REQUIREMENT: From the first line of the entries below through the line bearing "Поверх радиатора установлен", write out each line exactly. Omit pictures.

---------- PROVIDED RECORDS ----------

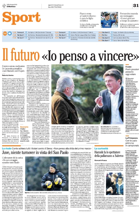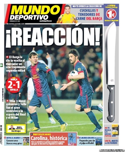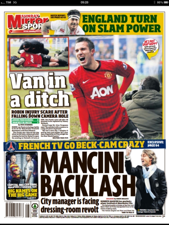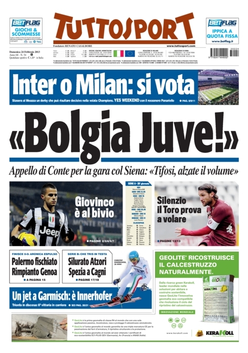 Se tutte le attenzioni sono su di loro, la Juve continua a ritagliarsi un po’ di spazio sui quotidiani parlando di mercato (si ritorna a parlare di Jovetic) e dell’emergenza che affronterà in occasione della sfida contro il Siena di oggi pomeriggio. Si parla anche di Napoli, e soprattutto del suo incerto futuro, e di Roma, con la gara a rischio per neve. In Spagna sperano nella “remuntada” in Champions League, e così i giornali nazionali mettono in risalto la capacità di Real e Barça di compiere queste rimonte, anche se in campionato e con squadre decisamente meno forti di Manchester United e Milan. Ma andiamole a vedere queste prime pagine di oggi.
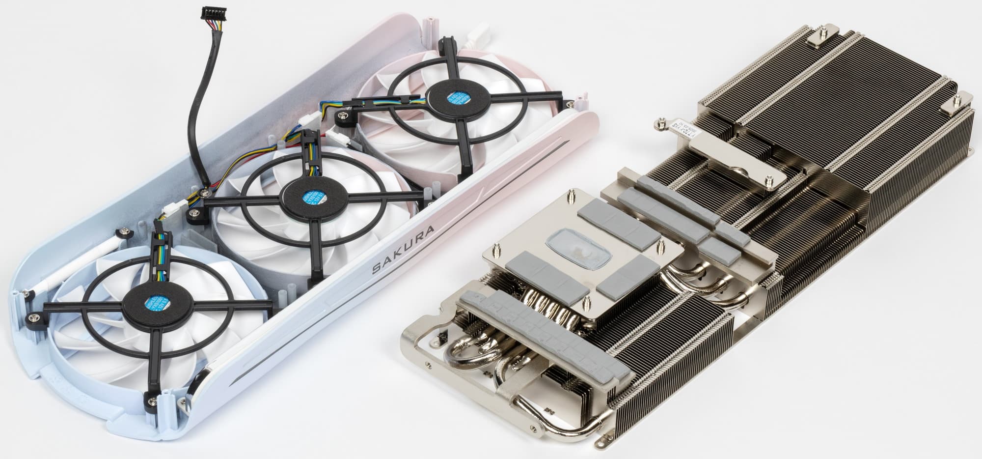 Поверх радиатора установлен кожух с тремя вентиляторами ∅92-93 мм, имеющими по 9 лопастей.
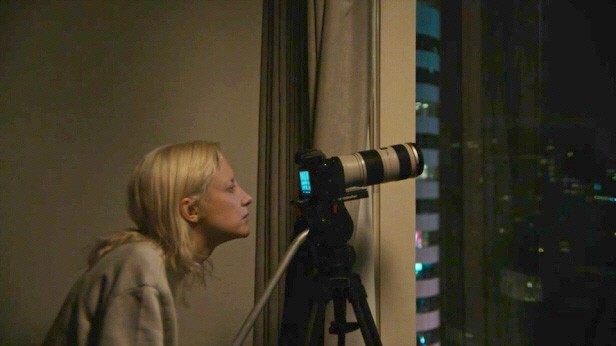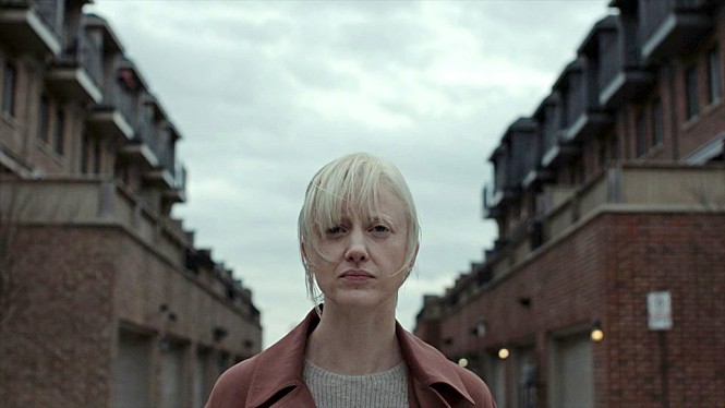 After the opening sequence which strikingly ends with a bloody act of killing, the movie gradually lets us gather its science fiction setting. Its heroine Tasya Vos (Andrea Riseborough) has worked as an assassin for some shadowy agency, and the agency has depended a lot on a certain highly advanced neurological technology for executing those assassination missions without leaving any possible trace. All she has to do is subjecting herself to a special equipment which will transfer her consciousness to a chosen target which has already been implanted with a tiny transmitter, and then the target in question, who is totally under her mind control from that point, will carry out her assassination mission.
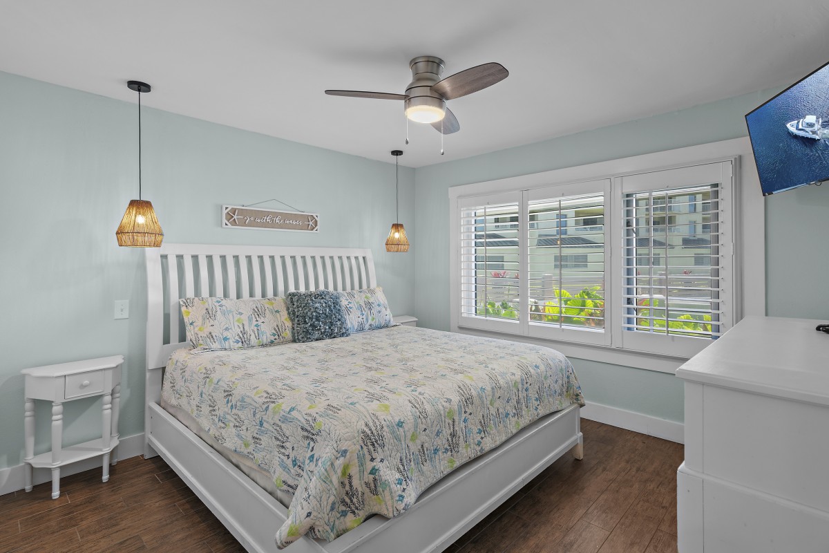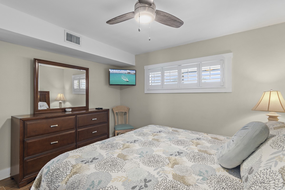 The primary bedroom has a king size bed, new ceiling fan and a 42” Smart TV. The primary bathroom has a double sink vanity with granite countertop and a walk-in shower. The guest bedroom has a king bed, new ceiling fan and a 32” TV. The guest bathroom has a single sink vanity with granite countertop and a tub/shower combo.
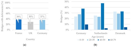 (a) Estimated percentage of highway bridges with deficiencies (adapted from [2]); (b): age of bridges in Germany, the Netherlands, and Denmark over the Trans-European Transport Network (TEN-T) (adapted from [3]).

----------

TASK RESULT:
 Se tutte le attenzioni sono su di loro, la Juve continua a ritagliarsi un po’ di spazio sui quotidiani parlando di mercato (si ritorna a parlare di Jovetic) e dell’emergenza che affronterà in occasione della sfida contro il Siena di oggi pomeriggio. Si parla anche di Napoli, e soprattutto del suo incerto futuro, e di Roma, con la gara a rischio per neve. In Spagna sperano nella “remuntada” in Champions League, e così i giornali nazionali mettono in risalto la capacità di Real e Barça di compiere queste rimonte, anche se in campionato e con squadre decisamente meno forti di Manchester United e Milan. Ma andiamole a vedere queste prime pagine di oggi.
 Поверх радиатора установлен кожух с тремя вентиляторами ∅92-93 мм, имеющими по 9 лопастей.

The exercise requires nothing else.